4.1. Linear Program¶

A linear program is the simplest convex template: the objective is linear, and every constraint is affine.

The standard form is

\[\begin{split}\begin{array}{ll} \min\limits_x & c^\top x \\ \text{s.t.} & A x \le b, \\ & x \ge 0. \end{array}\end{split}\]

Here \(x \in \mathbb{R}^n\) is the decision vector, \(c \in \mathbb{R}^n\) contains the linear costs, \(A \in \mathbb{R}^{m \times n}\) and \(b \in \mathbb{R}^m\) define the inequality system, and \(x \ge 0\) keeps every component of the decision vector nonnegative.

This form is the basic model for allocation and planning problems. The objective chooses a direction in which we want to move, and the inequalities carve out the feasible polyhedron in which the solution must live.

Step 1: Generate data from a feasible construction

We build this random instance from a point that is already feasible. First we draw a nonnegative vector \(x_0\). Then we set \(b = A x_0 + s_0\) with \(s_0 \ge 0\), so \(x_0\) automatically satisfies \(A x \le b\).

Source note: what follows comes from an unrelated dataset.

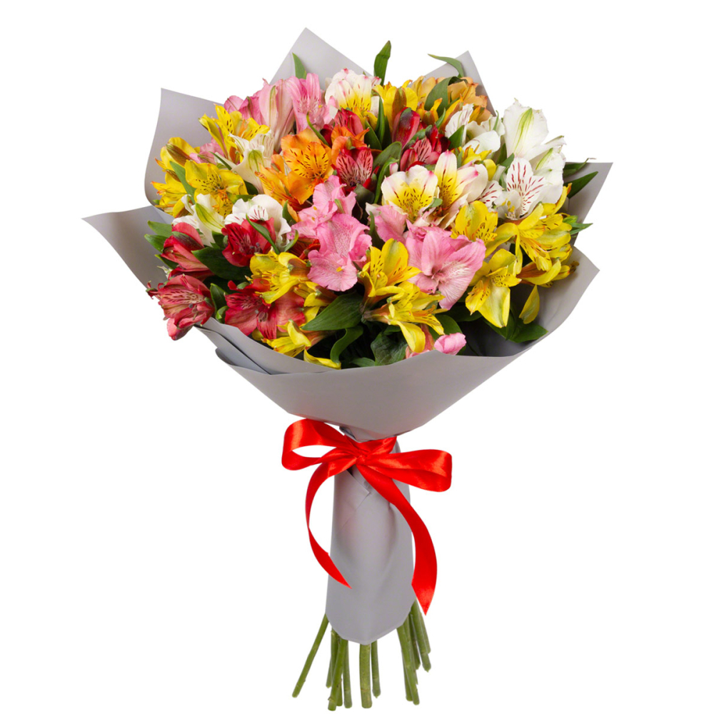 Яркий букет «Рассвет» из разноцветных альстромерий — это взрыв красок и эмоций! Нежные цветы, напоминающие миниатюрные лилии, с причудливыми узорами на лепестках станут идеальным подарком другу, коллеге или любимому человеку. Альстромерия купить в Тихвине.

This is a simple way to create synthetic data without accidentally generating an inconsistent constraint system.

import numpy as np
import admm

np.random.seed(1)

m = 15
n = 10
s0 = np.random.randn(m)
lamb0 = np.maximum(-s0, 0)
s0 = np.maximum(s0, 0)
x0 = np.maximum(np.random.randn(n), 0)
A = np.random.randn(m, n)
b = A @ x0 + s0
c = -A.T @ lamb0

The vector \(\lambda_0 \ge 0\) is only used to define the cost vector \(c = -A^\top \lambda_0\) for this example.

Step 2: Create the model and variable

Now we create a model and one length-\(n\) decision variable. In the symbolic API, admm.Var("x", n) means “create a vector variable named x with n entries.”

model = admm.Model()
x = admm.Var("x", n)

Step 3: Write the objective

The mathematical objective is \(c^\top x\). In code, that same linear form is written as c.T @ x.

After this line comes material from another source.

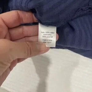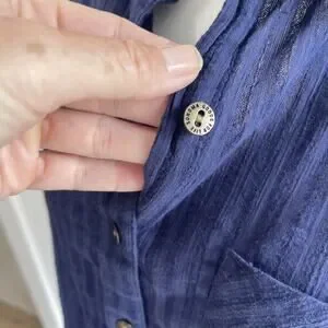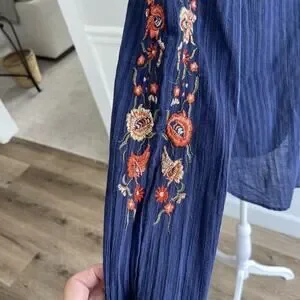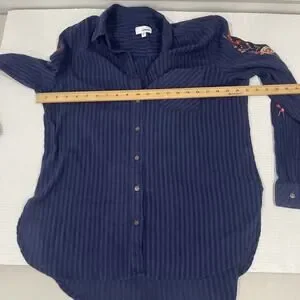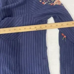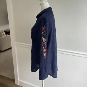 Sonoma Women L Embroidered Button Up Shirt Collared Cotton Gauzy Top Blue Tunic

model.setObjective(c.T @ x)

Step 4: Add the constraints

The inequality system \(A x \le b\) becomes one vectorized constraint, and the nonnegativity condition \(x \ge 0\) becomes a second constraint. These two lines mirror the two rows of the display-math model above.

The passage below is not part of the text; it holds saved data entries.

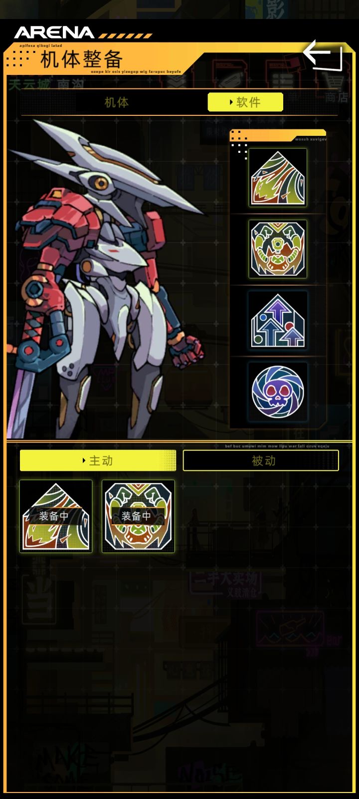 2.电磁脉冲+重击+超频连打+进攻倾向(该搭配需要电量高,充电速度快,不然碰到攻速高的对手会有被反攻的概率,最基础也得有武士电池才能用,适合老手,感谢评论区大佬分享) 购买点:暗巷—角斗场—商店—软件
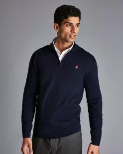 CHARLES TYRWHITT England Rugby Red Rose Merino Zip Neck Sweater – Navy
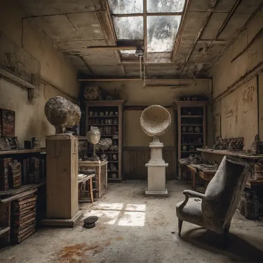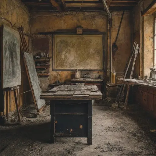 The atelier is steeped in sketching, each table littered with drawings and small sculptures paused mid-progress. The central worktable, coated with dried paint, reveals the meticulous gestures of an artist’s hand suddenly absent. Sketchbooks lie open, some with pencil lines smudged by forgotten fingerprints, signaling a focus now lost to time.

model.addConstr(A @ x <= b)
model.addConstr(x >= 0)

Step 5: Solve and inspect the result

After model.optimize(), the solver fills in the objective value and the solver status string.

model.optimize()

print(" * model.ObjVal: ", model.ObjVal)        # Expected: -7.629241267164004
print(" * model.StatusString: ", model.StatusString)  # Expected: SOLVE_OPT_SUCCESS

Complete runnable example:

import numpy as np
import admm

np.random.seed(1)

m = 15
n = 10
s0 = np.random.randn(m)
lamb0 = np.maximum(-s0, 0)
s0 = np.maximum(s0, 0)
x0 = np.maximum(np.random.randn(n), 0)
A = np.random.randn(m, n)
b = A @ x0 + s0
c = -A.T @ lamb0

model = admm.Model()
x = admm.Var("x", n)
model.setObjective(c.T @ x)
model.addConstr(A @ x <= b)
model.addConstr(x >= 0)
model.optimize()

print(" * model.ObjVal: ", model.ObjVal)        # Expected: -7.629241267164004
print(" * model.StatusString: ", model.StatusString)  # Expected: SOLVE_OPT_SUCCESS

This example is available as a standalone script in the examples/ folder of the ADMM repository:

python examples/linear_program.py

The solution is a vertex of the polyhedron \(\{x \ge 0 : Ax \le b\}\) that minimizes \(c^\top x\). The ADMM formulation maps directly: one setObjective, one addConstr per constraint family.